Dr Cowling said early results from African breeders had enabled his team to confidently apply new molecular technologies to breeding for improved cooking time, iron and zinc. In the next generation, a 6 per cent increase in grain yield and a 7.3 per cent reduction in cooking time was also predicted.

Thanks to AAUN’s support, Dr Cowling said, the future looked bright for the development of beans that would improve the health of African women and children and train African plant breeders to be world leaders in modern methods in plant breeding.

Being sage with salt

Professor Karen Charlton (University of Wollongong) gave an overview of the large-scale research she had been conducting into the effectiveness of strategies to reduce blood pressure in South Africa.

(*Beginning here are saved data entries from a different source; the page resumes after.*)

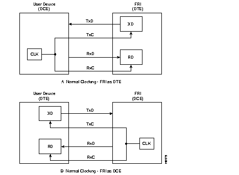Three clocking modes are available on the SDI for clocking in transmit data and clocking out receive data. In addition, the SDI can operate as either a DCE or DTE, which makes possible six combinations of clocking. (See Figure 4-35 and Figure 4-36 .) With loop clocking, the user device must loop the RxC to the XTC for clocking out the transmit data.
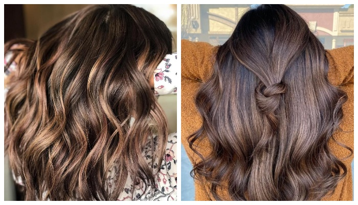 Оттенок темного шоколада + пряди карамельного цвета — сочетание достойное вашего внимания на все 100%.
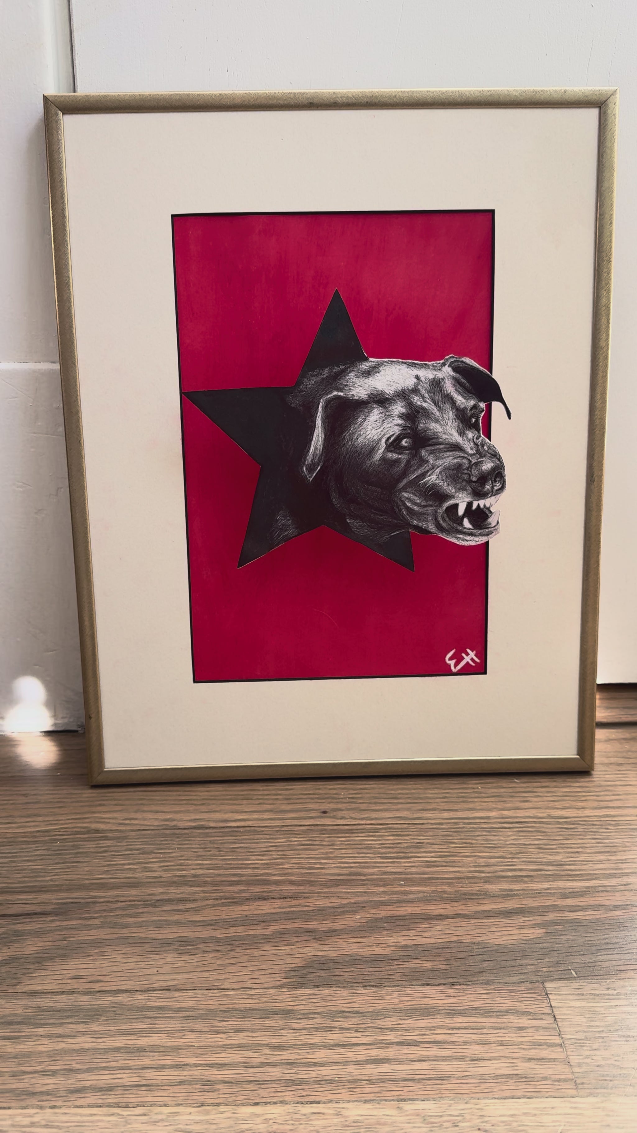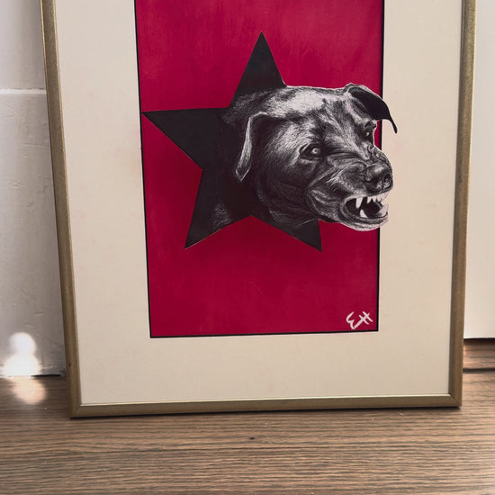 This piece features an original pen illustration of a dog, mounted on wire and elevated 1–1.5 inches above an oil pastel background so it casts its own shadow. The effect is sculptural, dimensional, and completely one-of-a-kind.

She also acknowledged the importance of an AAUN grant awarded to the project several years ago, which had led to more than $1 million received from philanthropic organisations to pursue the research.

Dietary risks were now the largest risk factor for premature death in the world, Dr Charlton said, and that was mostly related to the high association between diet and non-communicable diseases (NCDs).

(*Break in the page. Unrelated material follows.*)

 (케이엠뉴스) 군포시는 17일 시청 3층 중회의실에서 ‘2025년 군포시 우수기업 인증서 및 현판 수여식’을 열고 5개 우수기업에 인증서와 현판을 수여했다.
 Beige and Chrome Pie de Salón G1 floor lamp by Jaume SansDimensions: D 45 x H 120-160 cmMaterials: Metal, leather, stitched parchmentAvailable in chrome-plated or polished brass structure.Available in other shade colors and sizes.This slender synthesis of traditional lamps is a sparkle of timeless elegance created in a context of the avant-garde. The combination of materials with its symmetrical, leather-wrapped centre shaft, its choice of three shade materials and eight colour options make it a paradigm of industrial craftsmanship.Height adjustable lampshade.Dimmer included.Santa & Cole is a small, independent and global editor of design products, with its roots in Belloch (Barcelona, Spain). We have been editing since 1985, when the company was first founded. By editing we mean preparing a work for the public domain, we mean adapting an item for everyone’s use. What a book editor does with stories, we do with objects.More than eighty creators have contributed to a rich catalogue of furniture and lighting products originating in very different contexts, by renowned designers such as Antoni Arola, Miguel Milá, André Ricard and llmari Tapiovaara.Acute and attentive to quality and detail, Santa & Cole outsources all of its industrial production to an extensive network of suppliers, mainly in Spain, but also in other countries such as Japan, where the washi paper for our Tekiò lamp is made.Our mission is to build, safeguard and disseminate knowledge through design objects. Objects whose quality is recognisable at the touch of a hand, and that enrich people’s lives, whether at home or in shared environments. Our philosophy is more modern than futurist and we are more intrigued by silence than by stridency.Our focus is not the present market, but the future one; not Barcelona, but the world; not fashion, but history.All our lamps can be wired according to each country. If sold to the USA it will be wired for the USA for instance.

The ballooning cost to the world from unhealthy diets included $7 trillion, which arose solely from the impact of diet on NCDs.

The reduction of salt intake by 30 per cent was one of nine voluntary global targets for 2025 set by the World Health Organisation (WHO) to reduce NCDs globally because reducing salt intake could reduce blood pressure on a population level.

Dr Charlton said WHO had produced guidelines to help countries introduce strategies to reduce salt in the diet, which included the surveillance of a population’s salt intake and harnessing industry to reformulate the amount of salt in processed foods.

South Africa was the first country to regulate salt levels across a comprehensive range of processed foods, which led to food producers having to reduce salt levels in their products by 2016.

“We leveraged data from WHO’s SAGE study so we could assess salt intake before the introduction of the policy and could go back three years later and assess it again to see if it had worked or not. We also had a control country in Ghana, which had no policy.”

Dr Charlton said the study showed no reduction in salt intake, which meant her team could tell the South African government that to meet its next targets for salt intake, which came into effect in June 2019, it would need to introduce stricter requirements – because the food industry did not like having to reduce salt.

“The findings also give us the opportunity to tell the South African government it needs a monitoring and surveillance framework, which it currently does not have.”